My earlier blog about the Fibonacci series gets a lot of hits, so I thought I would write something more, as clearly there is interest.

Once again this is from “Structure and Interpretation of Computer Programs” (available for free here electronically):

Let $\psi = (1 - \sqrt{5})/2$ and $\phi = (1 + \sqrt{5}/2)$. Then $Fib(n) = (\phi^n - \psi^n)/\sqrt{5}$.

So $Fib(1) = (\frac{1}{2} +\frac{\sqrt{5}}{2} - \frac{1}{2} + \frac{\sqrt{5}}{2})/\sqrt{5} = 1$.

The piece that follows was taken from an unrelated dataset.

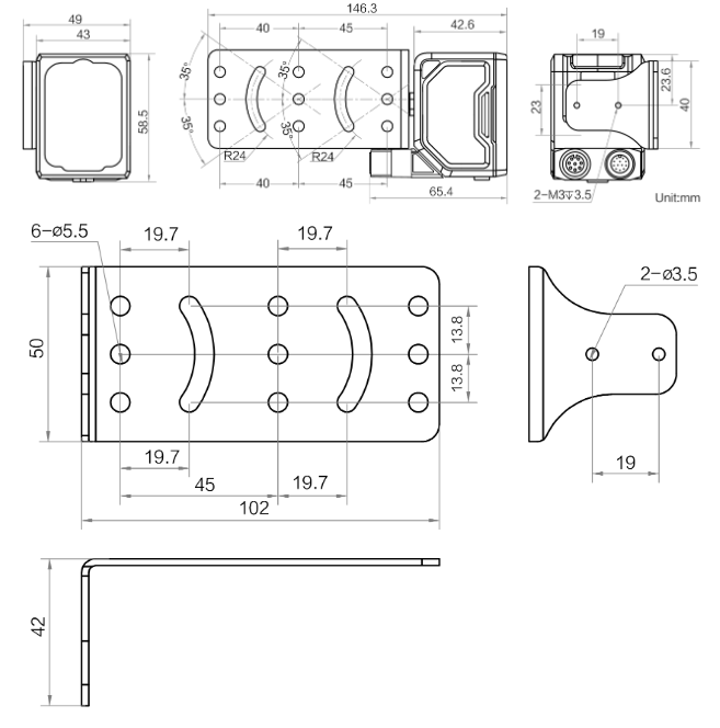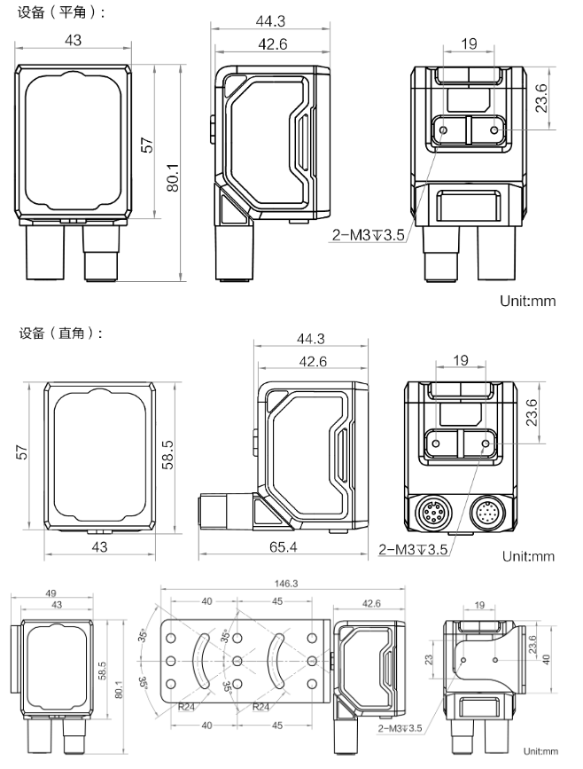 外形尺寸 | 平角:80.1 mm × 43 mm × 44.3 mm 直角:58.5 mm × 43 mm × 65.4 mm |
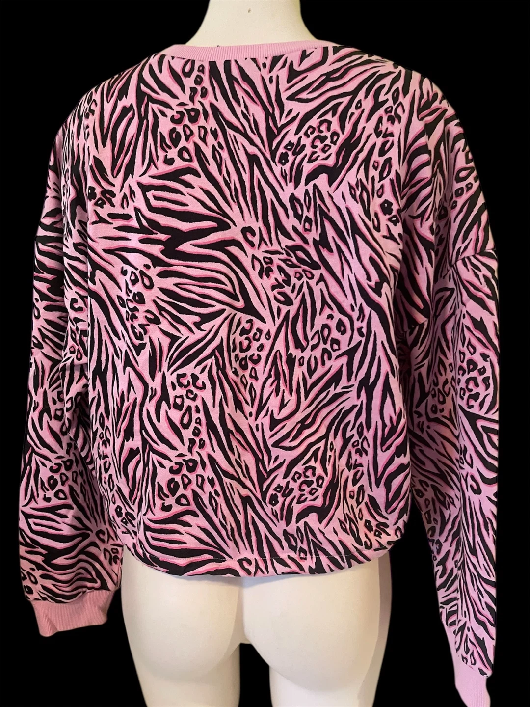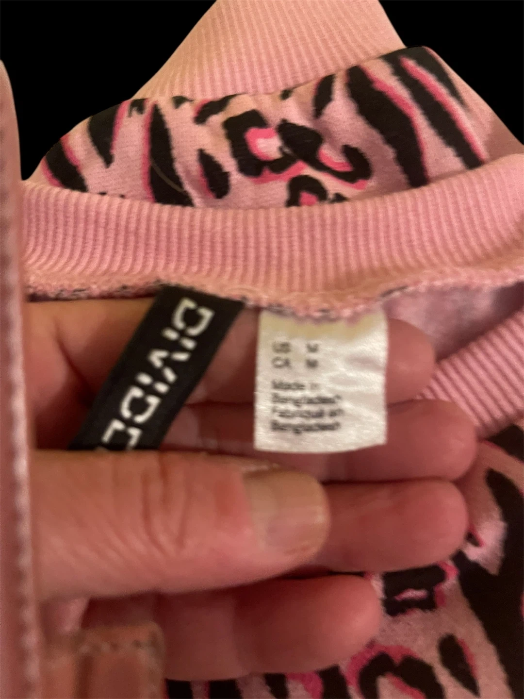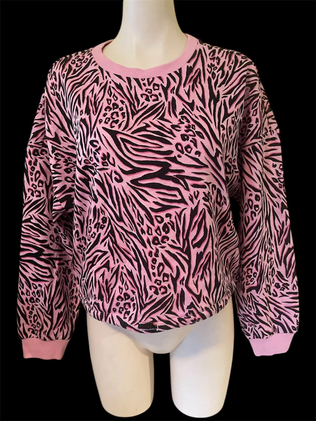 Cute H&M sweater with a fun pink and black animal print! It's a size medium and in great condition. Perfect for adding a pop of colour to your wardrobe. Draw string to tighten the sweater or not. See pictures for details.

(1)$Fib(n) = (\phi^n - \psi^n)/\sqrt{5} = Fib(n - 1) + Fib(n - 2)$

(2) Then $Fib(n -1) + Fib( n - 2) = \frac{\phi^{n-1} - \psi^{n-1}}{\sqrt{5}} + \frac{\phi^{n-2} - \psi^{n-2}}{\sqrt{5}}$

(3) Simplifying (2) $Fib(n) = \frac{\phi^{n-1} - \psi^{n-1} + \phi^{n-2} - \psi^{n-2}}{\sqrt{5}}$

(4) Simplifying further – from (1): $\phi^n - \psi^n = \phi^{n-1} - \psi^{n-1} + \phi^{n-2} - \psi^{n-2}$

(5) $\phi^n - \psi^n = \phi^{n - 2}(\phi + 1) -\psi^{n- 2} - \psi^{n - 1}$

(6) We know that $\phi^2 = (\phi + 1)$ so we can restate (5) as $\phi^n - \psi^n = \phi^n - \psi^{n - 2} - \psi^{n - 1}$

So (7) $\psi^n = \psi^{n - 2} + \psi^{n - 1}$

But $\psi^2 = \psi + 1$ also and (7) can be restated as $\psi^n = \psi^{n-2}(\psi + 1) = \psi^{n-2}\psi^2 = \psi^n$

In other words, $Fib(n) = (\phi^n - \psi^n)/\sqrt{5}$.